2027 : et si nous sélectionnions exactement les mauvaises qualités ?
Dans quelques mois, nous élirons un président de la République.
Nous lui demanderons de gouverner tous les Français, de tenir ensemble des intérêts contradictoires, de décider dans l’incertitude et d’affronter des crises que personne ne peut aujourd’hui prévoir.
Mais avant cela, il faudra gagner une campagne.
Et c’est là que quelque chose me trouble.
Pour gagner, un candidat doit se distinguer. Pour gouverner, il devra relier. Pour mobiliser son camp, il doit montrer ce qui le sépare des autres. Une fois élu, il devra pourtant travailler avec ceux qui ne pensent pas comme lui.
Nous allons donc sélectionner par la compétition celui ou celle dont nous attendrons ensuite qu’il dépasse la compétition.
Ce paradoxe serait déjà intéressant en temps normal. Il devient préoccupant à l’approche de 2027.
Le Centre de recherches politiques de Sciences Po (CEVIPOF) décrit une campagne qui s’ouvre dans un environnement informationnel saturé où les citoyens rencontrent des difficultés croissantes pour trier, hiérarchiser et interpréter les informations politiques. Parallèlement, la fragmentation du paysage politique rend plausible qu’un prochain président ne dispose pas automatiquement d’une majorité absolue et doive précisément rechercher les compromis que la campagne rend si difficiles à valoriser.

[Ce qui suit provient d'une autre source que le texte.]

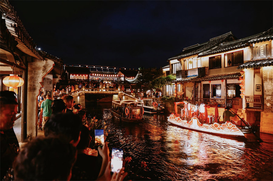 The second season of the Dream of Xitang: Boat Stories parade is staged in Xitang ancient town, Jiaxing city, Zhejiang province, on Friday. [Photo provided to chinadaily.com.cn]

Nous parlons beaucoup de la disparition des « hommes d’État ».
Mais qu’entendons-nous réellement par-là ? Pas un personnage providentiel. Pas un dirigeant sans convictions. Encore moins la nostalgie d’un passé politique idéalisé. Peut-être simplement quelqu’un capable de décider depuis un endroit plus large que son propre camp.
Quelqu’un capable de dire : « Mon adversaire a raison sur ce point. »
Quelqu’un capable de reconnaître qu’une politique économique possède des conséquences sociales et qu’une politique sociale doit trouver les conditions économiques de sa pérennité.
Quelqu’un capable de changer d’avis lorsqu’un fait nouveau l’exige.
Quelqu’un capable, parfois, de dire : « Je ne sais pas encore. »
Mais imaginons un candidat prononçant ces phrases pendant la campagne.
Le trouverions-nous responsable ? Ou faible ?
C’est là que notre propre responsabilité commence.
Nous réclamons des responsables politiques capables de compromis, mais nous pouvons considérer le compromis comme une compromission. Nous voulons des politiques de long terme, mais jugeons ceux qui les portent au rythme des polémiques. Nous voulons des responsables sincères, mais pouvons utiliser leur changement d’avis comme la preuve de leur incohérence.
Les candidats apprennent eux aussi ce que nous récompensons.
Voilà pourquoi la question essentielle de 2027 n’est peut-être pas seulement : « Qui voulons-nous comme Président ? »
Une autre la précède : « Quel type de Président notre manière actuelle de faire de la politique est-elle encore capable de faire émerger ? »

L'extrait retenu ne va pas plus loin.